Undermajordomo Minor cover

Undermajordomo Minor

by Patrick deWitt

3.75 Goodreads
(16.2K ratings)

Why You'll Love This

Patrick deWitt writes fairy tales for adults who've outgrown the comfort of happy endings but still crave the magic.

  • Great if you want: darkly comic fables with a mordant, deadpan heart
  • The experience: unhurried and strange — equal parts charming and quietly menacing
  • The writing: deWitt's prose is spare and theatrical, every line carrying wry, deliberate weight
  • Skip if: you expect plot momentum — this lingers more than it drives

About This Book

A young man named Lucy Minor has never quite fit anywhere — too sickly, too dishonest, too strange for the village that produced him. So when a position opens at the remote and quietly ominous Castle Von Aux, he takes it, stepping into a world of locked doors, missing masters, and people who carry their secrets like weapons.

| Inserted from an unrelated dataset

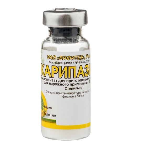 Срок годности фармакологического средства варьируется от полутора до двух лет в зависимости от лекарственной формы. Хранить его следует при комнатной температуре в темном месте (гель, крем) или в холодильнике (лиофилизат). Замораживания Карипазима допускать нельзя. Растворы хранению не подлежат — их необходимо использовать сразу после приготовления. К Карипазиму не должны иметь доступа маленькие дети.
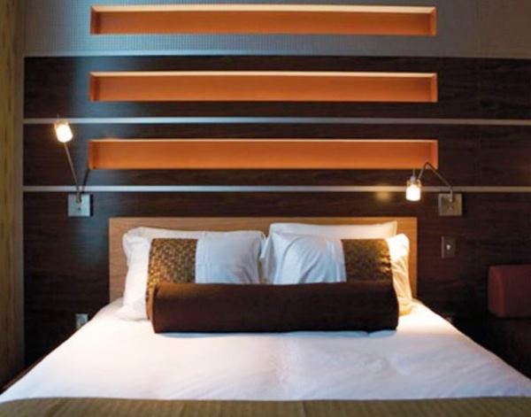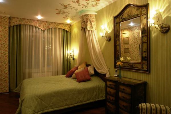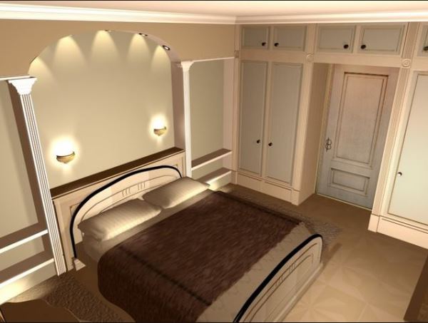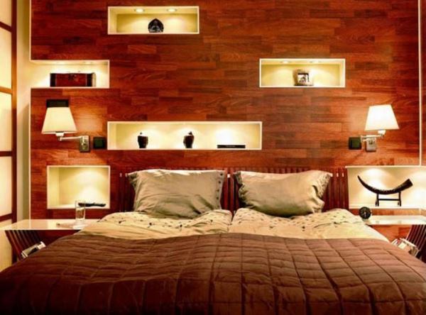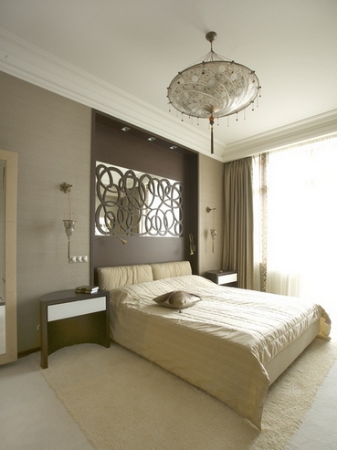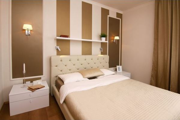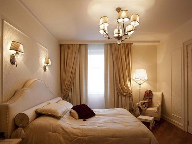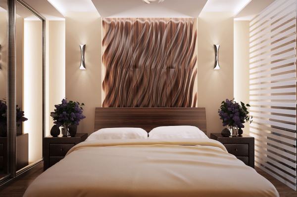 - من المهم جدًا أن يكون الضوء موحدًا. إذا كان السرير في الزاوية البعيدة ، فأنت بحاجة إلى وضع مصابيح بالقرب منه أو أعلى طاولة السرير. يمكنك أيضًا تثبيتها أمام مرآة تعكس الضوء وتوزعه بشكل متساوٍ.

What follows is a darkly comic adventure that turns on love, theft, heartbreak, and the particular dangers of wanting things you were never meant to have.

Patrick deWitt writes in a mode all his own — a kind of storybook formality that keeps one foot in fairy tale and another in something far more mordant. The sentences have a cool, deliberate rhythm that makes even violence feel ceremonial, and the deadpan humor lands harder for never winking at the reader. The Alpine setting feels lifted from some half-remembered folk tale, yet the emotional truth underneath is genuinely sharp. For readers who found The Sisters Brothers irresistible, this novel offers the same strange pleasure: a world that feels invented and utterly real at the same time.